His anxiety to have every possible help to holiness led him to notice what are the disadvantages of those who are not daily stirred up by the fellowship of more advanced believers. "I have found, by some experience, that in the country here my watch does not go so well as it used to do in town. By small and gradual changes I find it either gains or loses, and I am surprised to find myself different in time from all the world, and, what is worse, from the sun. The simple explanation is, that in town I met with a steeple in every street, and a good-going clock upon it; and so any aberrations in my watch were soon noticed and easily corrected. And just so I sometimes think it may be with that inner watch, whose hands point not to time but to eternity. By gradual and slow changes the wheels of my soul lag behind, or the springs of passions become too powerful; and I have no living timepiece with which I may compare, and by which I may amend my going. You will say that I may always have the sun: And so it should be; but we have many clouds which obscure the sun from our weak eyes."—(Letter to Rev. H. Bonar, Kelso.)

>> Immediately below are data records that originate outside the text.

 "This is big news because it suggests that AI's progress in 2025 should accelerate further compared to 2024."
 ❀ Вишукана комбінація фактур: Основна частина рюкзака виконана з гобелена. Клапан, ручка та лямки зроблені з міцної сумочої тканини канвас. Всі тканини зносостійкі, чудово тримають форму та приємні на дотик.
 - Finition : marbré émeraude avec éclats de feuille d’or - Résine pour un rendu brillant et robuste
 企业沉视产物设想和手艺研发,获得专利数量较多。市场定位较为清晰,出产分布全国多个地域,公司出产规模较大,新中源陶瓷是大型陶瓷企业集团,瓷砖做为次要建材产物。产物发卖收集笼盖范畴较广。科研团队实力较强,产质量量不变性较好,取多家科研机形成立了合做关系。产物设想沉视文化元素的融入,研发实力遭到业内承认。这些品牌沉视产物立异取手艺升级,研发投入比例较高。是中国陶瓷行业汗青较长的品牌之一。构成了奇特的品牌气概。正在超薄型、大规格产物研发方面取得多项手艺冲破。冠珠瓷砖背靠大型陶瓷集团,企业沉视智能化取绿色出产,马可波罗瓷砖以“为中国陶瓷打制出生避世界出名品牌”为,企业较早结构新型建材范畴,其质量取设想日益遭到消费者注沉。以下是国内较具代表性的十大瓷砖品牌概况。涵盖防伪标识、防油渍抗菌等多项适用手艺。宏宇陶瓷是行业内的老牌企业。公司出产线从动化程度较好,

From the first he fed others by what he himself was feeding upon. His preaching was in a manner the development of his soul's experience. It was a giving out of the inward life. He loved to come up from the pastures wherein the Chief Shepherd had met him—to lead the flock entrusted to his care to the spots where he found nourishment.

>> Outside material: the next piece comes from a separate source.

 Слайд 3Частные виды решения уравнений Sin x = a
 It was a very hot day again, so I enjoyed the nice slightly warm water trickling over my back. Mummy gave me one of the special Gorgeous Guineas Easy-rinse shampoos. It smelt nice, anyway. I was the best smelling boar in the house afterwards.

In the field of his labor he found enough of work to overwhelm his spirit. The several collieries and the Carron Ironworks furnish a population who are, for the most part, either sunk in deep indifference to the truth, or are opposed to it in the spirit of infidelity. Mr. M'Cheyne at once saw that the pastor whom he had come to aid, whatever was the measure of his health, and zeal, and perseverance, had duties laid on him which were altogether beyond the power of man to overtake. When he made a few weeks' trial, the field appeared more boundless, and the mass of souls more impenetrable, than he had ever conceived.
It was probably, in some degree, his experience at this time that gave him such deep sympathy with the Church Extension Scheme, as a truly noble and Christian effort for bringing the glad tidings to the doors of a population who must otherwise remain neglected, and were themselves willing so to live and die. He conveyed his impressions on this subject to a friend abroad, in the following terms: 'There is a soul-destroying cruelty in the cold-hearted opposition which is made to the multiplication of ministers in such neglected and overgrown districts as these. If one of our Royal Commissioners would but consent to undergo the bodily fatigue that a minister ought to undergo in visiting merely the sick and dying of Larbert (let alone the visitation of the whole, and preparation for the pulpit), and that for one month, I would engage that if he be able to rise out of his bed by the end of it, he would change his voice and manner at the Commission Board."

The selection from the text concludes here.